Even in high end engines like UE4, they rarely use more than a dozen (for the main rendering I mean, postprocess effects may need their own like chromatic aberrations, dirt lensflare etc), and not all at the same time in the multi-render target process.
If you are doing 2D only, it is likely you won’t need as much as this.

You may also be able to render far more entities with instancing, if not already done.

Thanks for the replies.

@AcideFaucent
This wouldn’t be used for particle effects and the max texture size would be 1024px and that would be rare. I’ll have to monitor the fill-rate. Thanks for the heads up.

@Alkher
Zero to many really, I can’t control what the player might do. The game is 2D. I’m using RenderTargets as intended (for main rendering purposes) but started to experiment with them as a way to generate a run-time texture that could stored. It is nice to just draw other textures to a canvas and store that canvas versus the GetData/SetData approach (and then coloring them, agh).

Hmm, maybe I should just go back to the GetData/SetData.

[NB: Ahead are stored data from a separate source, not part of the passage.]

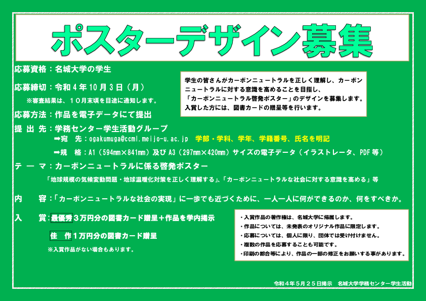 在学生・教職員/ニュース 【学部生・大学院生対象】カーボンニュートラル啓発ポスター募集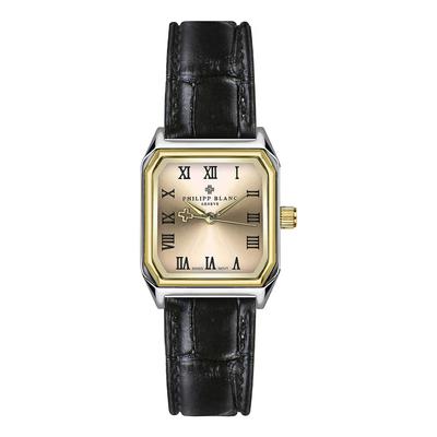 Квадратен часовник с кожена каишка, Сребрист/Черен Philipp Blanc
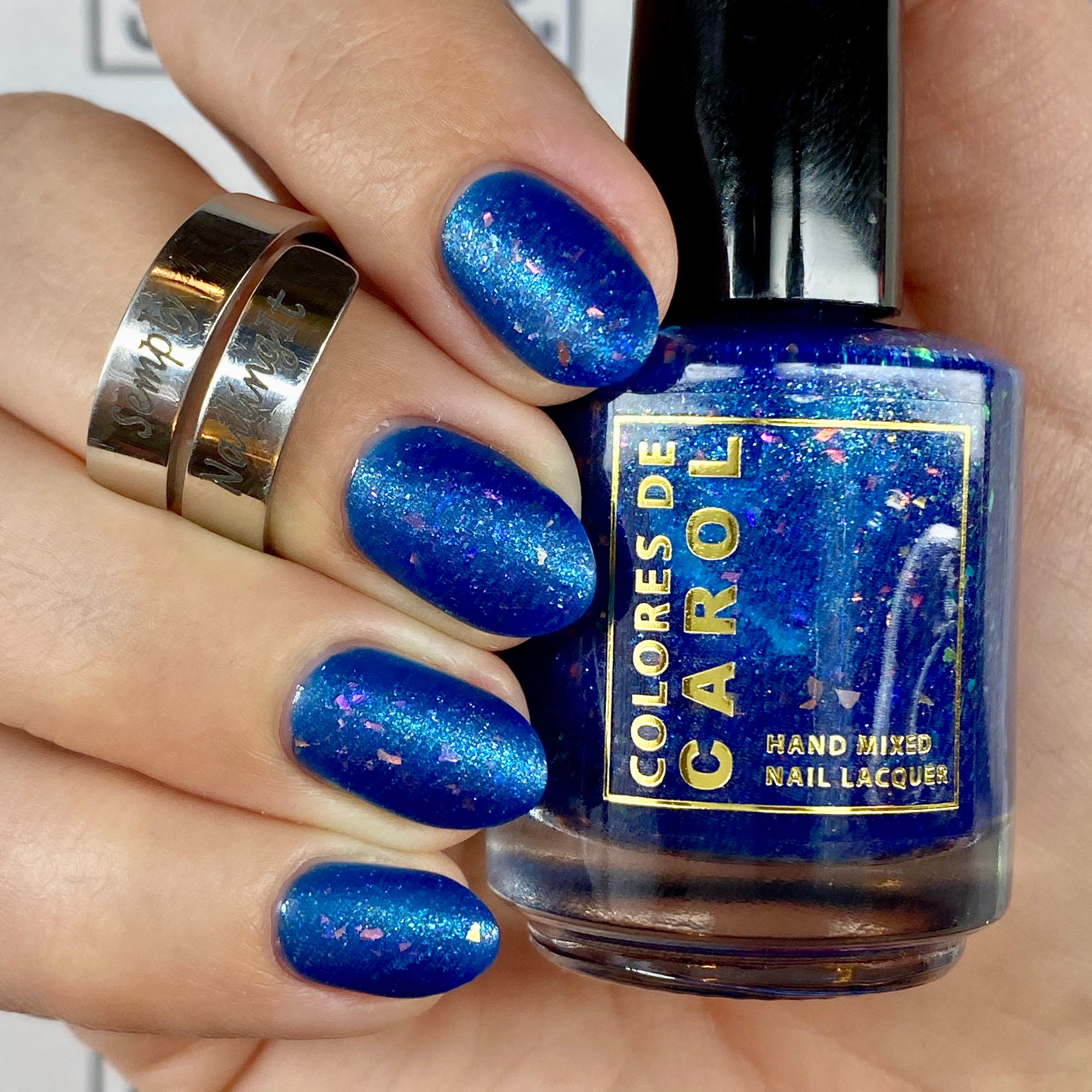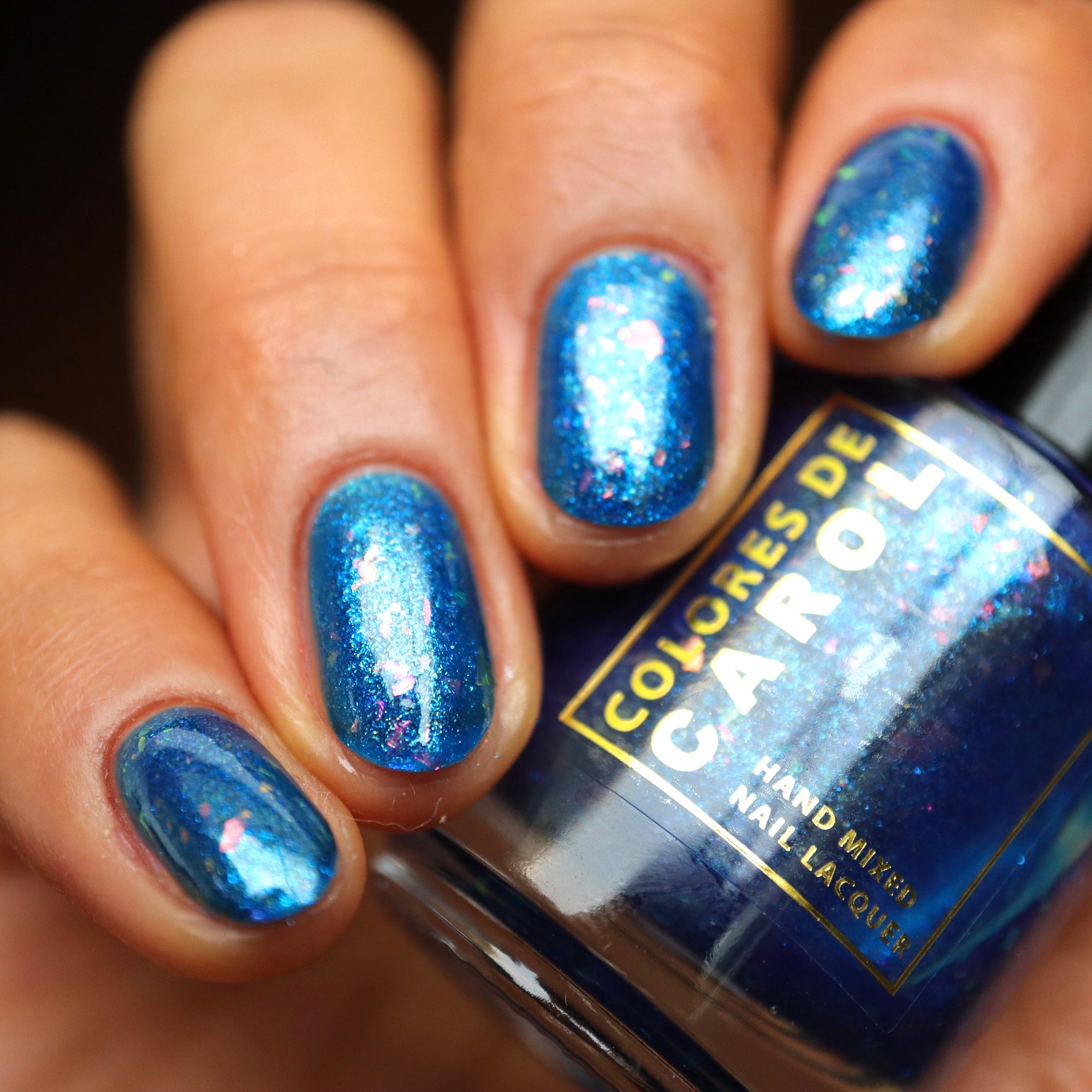 FROST-BITE THE DUST, a bright blue with blue/gold micro flakes, fairy flakes and mermaid flakes.

It is only called once, when a player is doing customizing.

For layers, there is a depth or layer (I cannot verify this, not on my computer at the moment) parameter with spritebatch.draw, with valid values in [0, 1] i think. You would just have to normalize the layer height/place in the list to get this value and draw on top or under for almost free.
Or maybe i did not understand at all your problem

Thanks, I’m already doing layers on the draw too using FrontToBack. Sorry. Maybe I’m asking it wrong. I just wanted to know about any limitations of rendertargets. Like is it best practice to keep them limited in usage. Has other developers had problems with xbox or playstation with X amount of rendertargets.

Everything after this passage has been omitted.